К началу 2000-х усомниться в культурной ценности авангарда мог либо полный ретроград, либо отчаянно смелый человек, рискующий пережить почти полный разрыв с литературными кругами. Это говорит прежде всего о масштабе моды на авангард, подкрепленной развитым рынком актуального искусства.
...и Александр Кушнер — главные российские поэты современности, старшие семидесятники
Авангард — большой культурный сюжет всего XX века, и в русской поэзии он возник, конечно, не в 1980-е. В основе авангарда — эксперимент с языком, в результате которого «главным героем» искусства становится тот или иной литературный прием. У футуристов это было сначала «самовитое слово», а потом и «заумь», у имажинистов — доведенная до предела емкости «метафора», у обэриутов — разрыв грамматических и смысловых связей, иллюстрирующий абсурд существования. «…Обэриуты — наши дальние родственники в историческом существовании», — признается поэт и критик Михаил Айзенберг, один из теоретиков экспериментально-концептуальной поэзии. По его словам, центральным у обэриутов стал «вопрос о подлинности», который сопровождался ощущением, что поэты современности не могут считать себя законными наследниками всех имеющихся в наличии художественных средств. «Необходимость высказывания существовала безусловно, ее не могло отменить даже странное ощущение, что говорить, в общем, нечем, что все пространство поэтической речи автоматизировано, а прямой — национализировано. Старыми словами ничего нельзя сказать» — это уже о культурной ситуации 1950–1960-х годов. Отсюда выход один, очень знакомый по логике начала века: отвлечься от запятнавших себя носителей языка и дать высказаться самому языку. Все начало XX века поэты и стиховеды искали особый «поэтический язык», который, как временами казалось, может почти не иметь связей с реальностью. Любое слово, которым пользуется такой язык, — слово в кавычках, чужое слово. Его появление в поэзии отодвинуло на задний план лирическое «я» и фигуру автора вообще. Это сформированная еще в 1920-е годы сердцевина позднесоветского концептуализма, выраженного с конца 1950-х «лианозовской школой» (Игорь Холин, Всеволод Некрасов, Ян Сатуновский и др.), а затем, с конца 1970-х — «московским концептуализмом» (Дмитрий Александрович Пригов, Лев Рубинштейн).

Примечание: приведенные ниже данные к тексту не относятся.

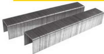
Скобы для степлера 85801, 85802
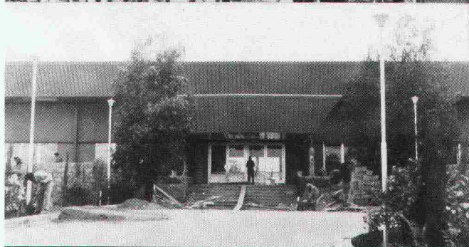
Empfangshalle Khamis Mushayt, Empfangshalle Tabuk, Saudi-Arabien

Generalunternehmung: Losinger AG, Bern/Jeddah Eigentümer: Ministry of Defense, Saudi-Arabien
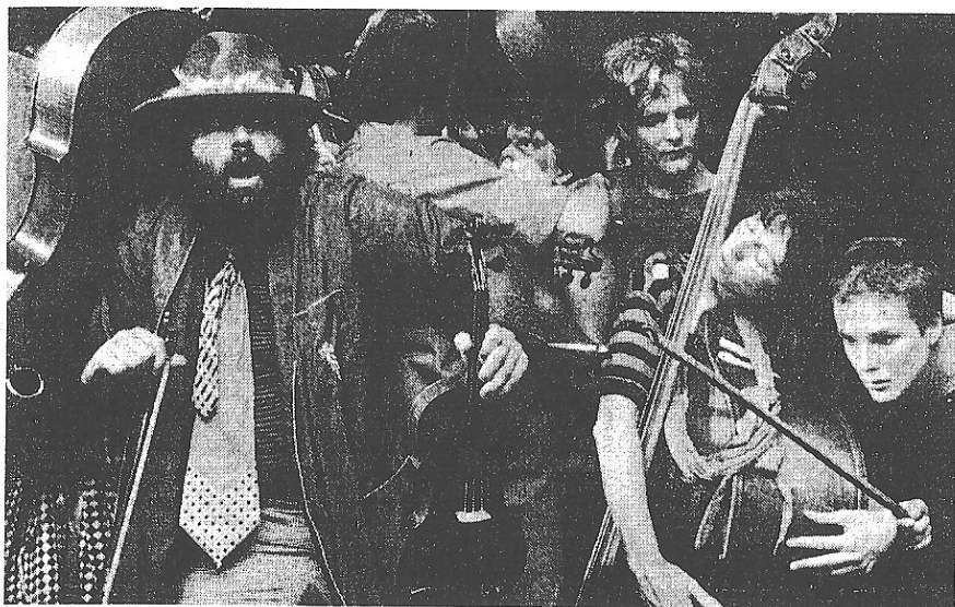
Abbildung 1: Musiker des Ersten Improvisierenden Streichorchesters in Ulm.

TV-Spielfilm mit gewissem politischem Anspruch, wo sich das Orchester aber in ein streng vorgefertigtes Drehbuch einfügen mußte; Auftritt bei der Jahrestagung der „Transpersonalen Gesellschaft“ in Konstanz; Auftritt in einer Kirche, wohin ein „Jazz-Pfarrer“ das Orchester geladen hatte; Mitwirkung in Kulturveranstaltungen zum Wahlkampf der „Grünen“. Entscheidungen, die dem Orchester durch Absagen der Veranstalter erspart blieben, waren u.a.: Auftritt bei einer Aids-Hilfe-Veranstaltung des Senders Freies Berlin; Auftritt bei der Frühjahrstagung des Instituts für Neue Musik und Musikerziehung; Auftritt im Beiprogramm der Jahrestagung 1986 des AMPF in Soest.

Поэзия, основанная на операциях с «чужим словом», подслушанным в речи, по сути, сводится к созданию условий для того, чтобы любой «материальный объект» мог быть воспринят в качестве искусства. Так, Лев Рубинштейн писал свои тексты на библиотечных карточках — это были обрывки подслушанной речи. Концептуалист, как писал первый теоретик московского концептуализма Борис Гройс еще в 1979 году, занимается именно созданием условий для восприятия, а не собственно артефактов. «В сознании зрителя проект такого искусства должен быть настолько ясен, чтобы он мог повторить его, как повторяют научный эксперимент: не всегда для этого бывают знания и аппаратура, но в принципе это возможно всегда», — пишет Гройс.